Because of these issues with columnar databases, at least two hybrid implementations have emerged. One form of hybrid is a row-oriented database with some columnar capabilities added, such as those noted above. The other form is a columnar database with some row-oriented capabilities added on. Although a hybrid architecture minimizes the downsides of each approach, I suggest that you think about it this way: While a hybrid minimizes the downsides it does not eliminate them.
The bottom line is that your database engine will be primarily column- or row-oriented, and you should consider that in the selection and evaluation process. Over time I suspect the hybrid techniques may approach each other in terms of performance and capabilities, but for the time being I think you will still see some differences depending on the specific use case and workload you are trying to manage.

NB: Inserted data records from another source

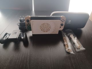 Nintendo Switch OLED edición limitada de Zelda: Tears of the Kingdom. Consola impecable, solo 3 h de uso, siempre guardada en su caja. Incluye base, Joy-Cons originales, correas, soporte, caja original, funda oficial de Nintendo y protector de pantalla puesto desde el primer día. No incluye el cable HDMI, se extravió, pero todo lo demás está completo. Estado como nuevo, perfecta para coleccionistas o para quien quiera una edición especial en condiciones excelentes y a mejor precio que en una tienda. Entrega preferiblemente en mano en Murcia. Se puede ver y comprobar sin compromiso. Se puede negociar. Se puede negociar ligeramente
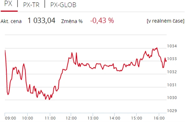 Pražská burza v pátek přerušila sérii čtyř ziskových seancí, index PX klesl o 0,43 % na 1 033,04 bodu. Dolů burzu táhly cenné papíry Erste Group Bank a Monety Money Bank, dařilo se naopak likérce Stock Spirits a sázkařské Fortuně. Objem obchodů byl s 342 miliony korun výrazně podprůměrný.
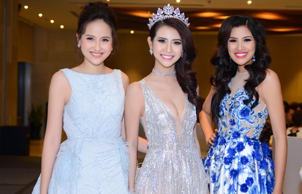 Phạm Hương rạng rỡ diện áo dài và đội vương miện khi xuất hiện tại buổi tọa đàm "Người kế vị tương lai" của Hoa hậu Hoàn vũ Việt Nam 2017 vào chiều 19/4 tại Hà Nội.
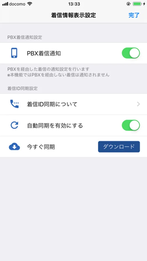 Extension Powerサーバよりアドレス帳情報データを取得後、端末内の秘匿領域に登録し、iPhoneが着信した際に発信者名を表示します。
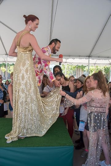 Center of Attention--Model Amanda Fields Bennett in NIKOLAKI gown as students check out the hem of the gown--FIDM San Diego "3 Days of Fashion" 2018
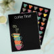 Coffee shop or chai shop menu flyer. Colorful porcelain tea cups/coffee mugs. Customizable text and free space.
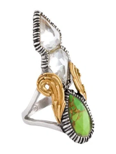 10K Gold-Plated, Palladium-Plated & Brass Green Stone & Crystal | Alexis Bittar Elongated Olmeca Ring, Women's 6.75
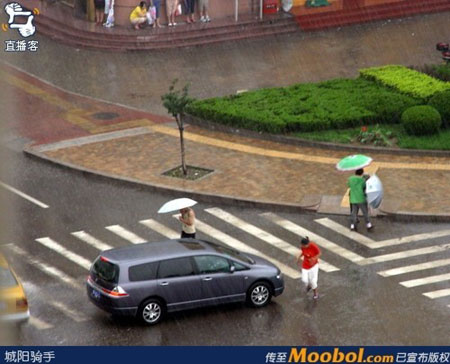 A man helps an elder woman on the street as a young woman volunteers to give them her umbrella in this touching scene in Qingdao, Shandong Province posted online at www.moobo.com on July 1. [moobol.com]
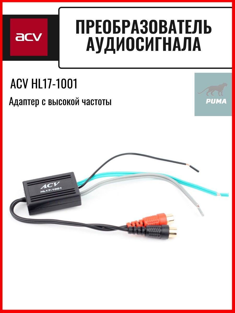 Адаптер для магнитолы ACV HL17-1001, конвертер высокого-низкого уровня предназначенный для соединения входов усилителей с головными устройствами или магнитолами 1DIN, 2DIN без линейных выходов. Он преобразует поступающие сигналы в аудиосигнал линейного типа. Подключается через акустические выходы к RSA-входам усилителей. В штатных автомагнитолах нет линейных выходов, что приносит значительные затруднения при подключении усилителей. Адаптер линейного входа – это специальное согласующее устройство, который делает соединение магнитолы и усилителя возможным: выходной сигнал ресивера согласуется с входным сигналом усилителя с требуемым значением. Максимальный уровень сигнала не более 8В.
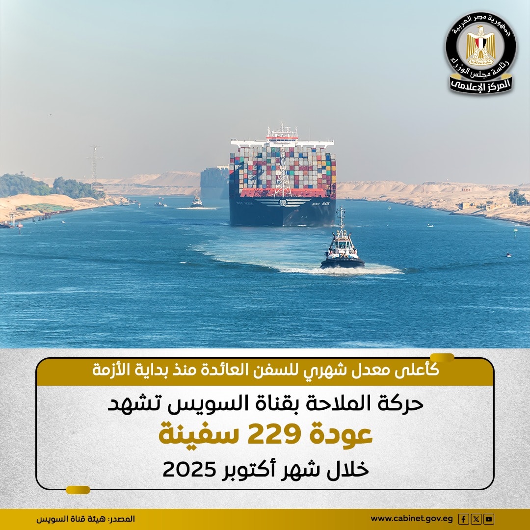 حيث سجلت إحصائيات الملاحة بالقناة خلال شهر أكتوبر الماضي عودة 229 سفينة كأعلى معدل شهري للسفن العائدة منذ بداية الأزمة.
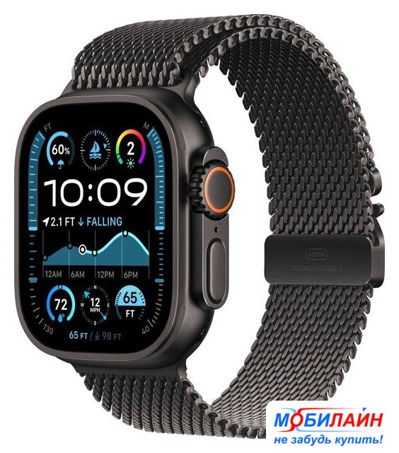 синхронизация с iOS, экран OLED, поддержка SIM-карты: eSIM, пульсометр, измерение кислорода в крови, ЭКГ, AOD, GPS, Bluetooth 5.3, корпус: металл (титан), ремешок: силикон
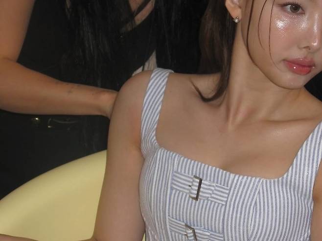 공개된 사진 속 나연은 스트라이프 패턴의 원피스를 입고 포니테일 헤어스타일과 광택감 있는 메이크업으로 청량하면서도 세련된 이미지를 자아냈다.
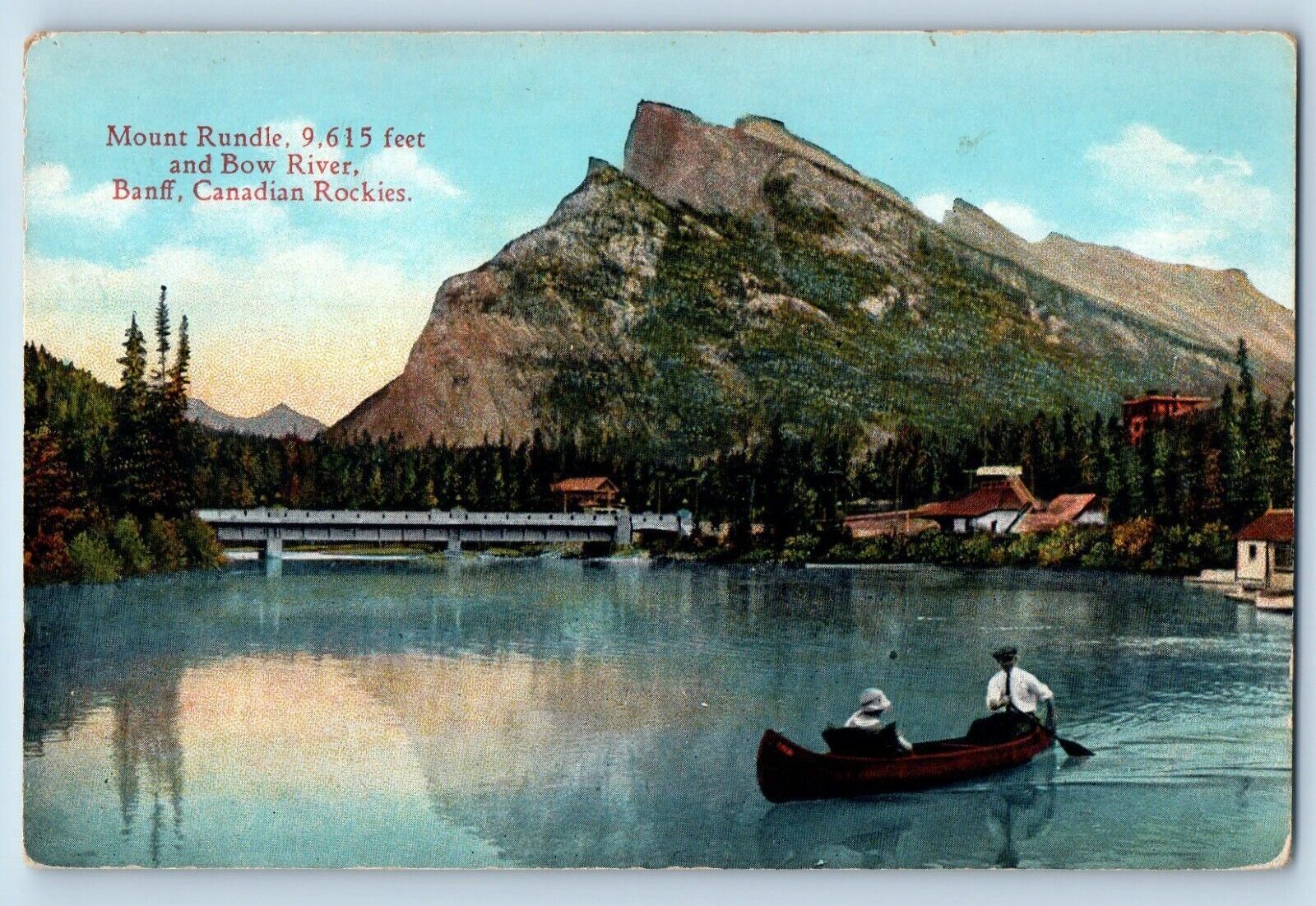 1910 Banff British Columbia Canada Postcard Mount Rundle Bow River Exterior View

Columnar databases can also be implemented as MPP (massively parallel processing) systems, as hardware appliances or as in-memory systems. Calpont, Paraccel and Vertica are examples of MPP columnar databases. Kickfire, acquired by Teradata, is probably the best example of an appliance-based columnar system, while the SAP High-Performance Analytic Appliance (HANA) is probably the most ambitious in-memory columnar system.
I hope you can use this information as you investigate database vendors and evaluate their product offerings. Consider whether you need columnar storage alone or if you need columnar execution as well. Consider whether the cost of learning and managing a separate system is worth the benefits. Consider your current and future use cases and how they match a row-versus-column orientation. Regardless of what you think you understand about the different approaches make sure to conduct a proof of concept with your data and your workload. As you might imagine from this article, the differences between these approaches can be subtle and a proof of concept is likely to be the only way to evaluate which approach works best for you.